- Exercise goal
Below are records to print word for word; include none of their pictures.

- Material to process
[Start of section]
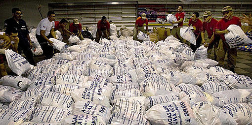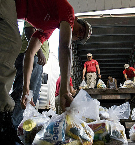 5月13日,工作人员在巴西北部马拉尼昂州搬运救灾食品。巴西北部洪灾已造成至少44人死亡,超过30万人无家可归。
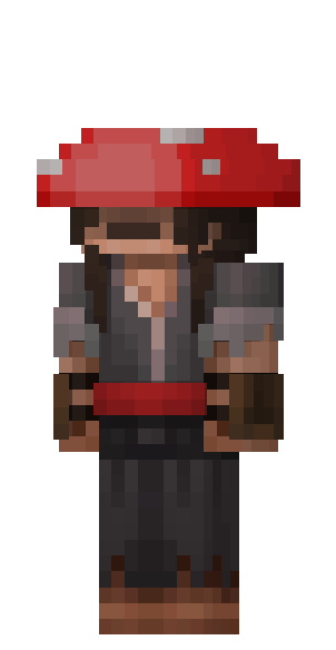 Mo has a red and white mushroom hat covering her black colored eyes, brown hair, light skin, gray mycelium colored tunic, a red belt, brown wrist pads, dark gray pants, and bare feet.
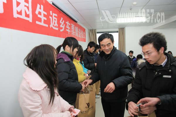 据悉,从2009年寒假开始,为帮助家庭经济困难学生顺利返乡与家人团聚,学院每年拿出专项经费为100名特困学生赠送返乡车票和生活礼包,在一定程度上缓解了家庭经济困难学生的经济压力,也得到了学生的肯定和认可。(文/胡春福 摄影/张培杰 编辑/陈泽烨)
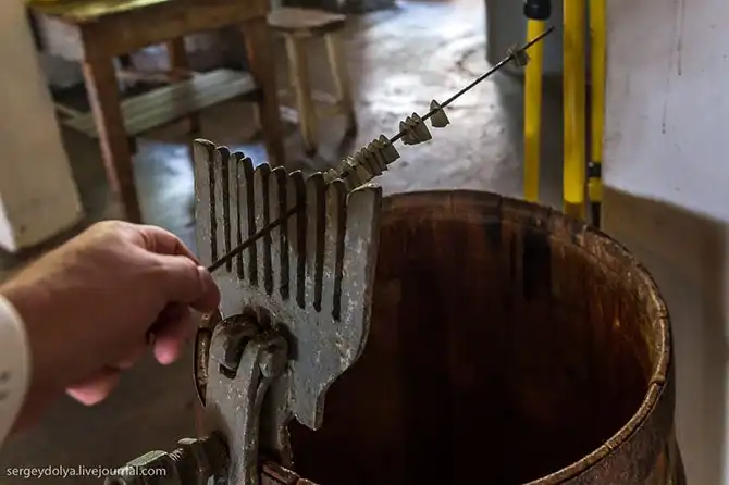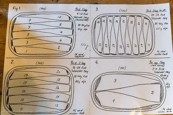 Через некоторое время придумали специальный аппарат, в который укладывали шпроты головой вниз и пронзали всех рыбок разом:
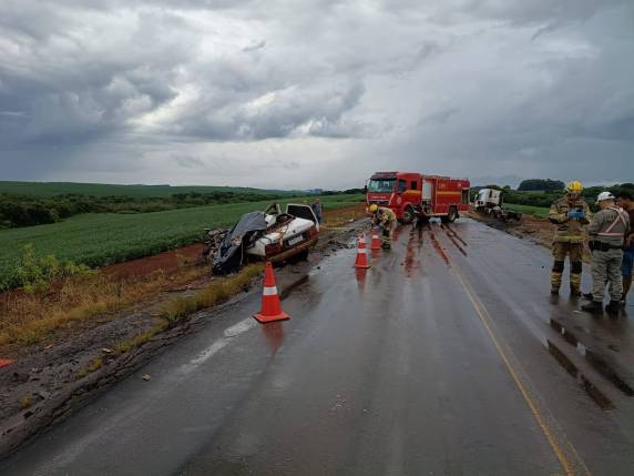Na manhã deste domingo (15), por volta das 9h26, o Corpo de Bombeiros de Nonoai atendeu a uma colisão envolvendo um caminhão e um GM Vectra.
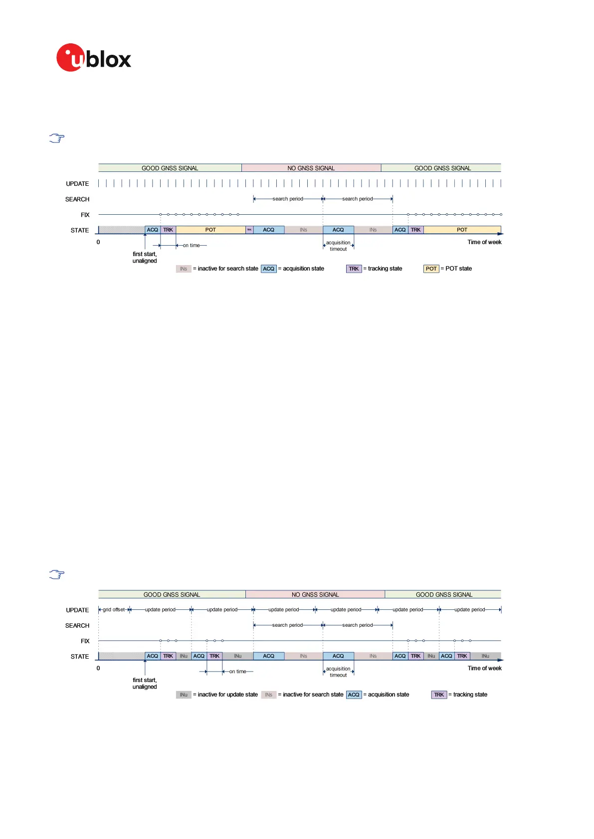 • In the "POT" state the receiver continues to output position fixes according to the CFG-RATE-*.
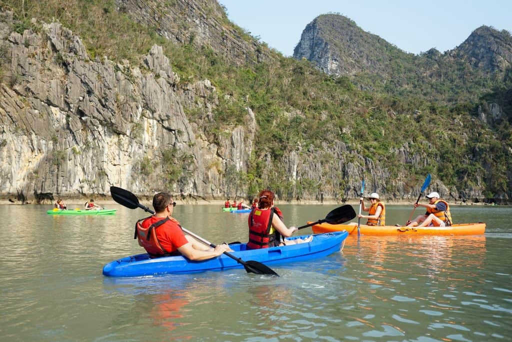 Morning: Transfer from Hanoi ๐ โ Cruise boarding ๐ข โ Kayak hidden lagoons ๐ถ
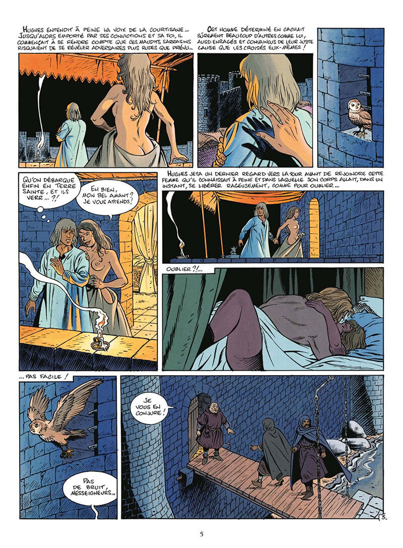 Hughes de Crozenc est toujours sur la route de Jérusalem. Après avoir tué Aliénor de Luzignan et tenté d’assassiner le roi Louis IX, le Sarrasin Al Mansour est en prison, torturé avant d’être exécuté. Mais grâce à des complices, celui-ci parvient à s’évader. Hughes se jure de le retrouver.Robert d’Artois, l’un des frères du roi, pense que le conflit qui les oppose aux Sarrasins ne peut se régler que par les armes, et devient du même coup le grand rival d’Hughes de Crozenc. Il souhaite l’éliminer, et compte bien se donner les moyens de parvenir à ses fins...
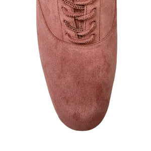 Jeffrey Campbell Dusty Pink Suede Victorian Lace-Up Knee-High Boots with Cuff
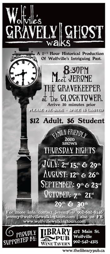 8th show of 2010. A historical production throughout the streets and cemeteries of Wolfville. A creatively spooky way to get a history lesson of a truly unique part of the world.
[End of section]
- Solved exercise
 5月13日,工作人员在巴西北部马拉尼昂州搬运救灾食品。巴西北部洪灾已造成至少44人死亡,超过30万人无家可归。
 Mo has a red and white mushroom hat covering her black colored eyes, brown hair, light skin, gray mycelium colored tunic, a red belt, brown wrist pads, dark gray pants, and bare feet.
 据悉,从2009年寒假开始,为帮助家庭经济困难学生顺利返乡与家人团聚,学院每年拿出专项经费为100名特困学生赠送返乡车票和生活礼包,在一定程度上缓解了家庭经济困难学生的经济压力,也得到了学生的肯定和认可。(文/胡春福 摄影/张培杰 编辑/陈泽烨)
 Через некоторое время придумали специальный аппарат, в который укладывали шпроты головой вниз и пронзали всех рыбок разом:
Na manhã deste domingo (15), por volta das 9h26, o Corpo de Bombeiros de Nonoai atendeu a uma colisão envolvendo um caminhão e um GM Vectra.
 • In the "POT" state the receiver continues to output position fixes according to the CFG-RATE-*.
 Morning: Transfer from Hanoi ๐ โ Cruise boarding ๐ข โ Kayak hidden lagoons ๐ถ
 Hughes de Crozenc est toujours sur la route de Jérusalem. Après avoir tué Aliénor de Luzignan et tenté d’assassiner le roi Louis IX, le Sarrasin Al Mansour est en prison, torturé avant d’être exécuté. Mais grâce à des complices, celui-ci parvient à s’évader. Hughes se jure de le retrouver.Robert d’Artois, l’un des frères du roi, pense que le conflit qui les oppose aux Sarrasins ne peut se régler que par les armes, et devient du même coup le grand rival d’Hughes de Crozenc. Il souhaite l’éliminer, et compte bien se donner les moyens de parvenir à ses fins...
 Jeffrey Campbell Dusty Pink Suede Victorian Lace-Up Knee-High Boots with Cuff
 8th show of 2010. A historical production throughout the streets and cemeteries of Wolfville. A creatively spooky way to get a history lesson of a truly unique part of the world.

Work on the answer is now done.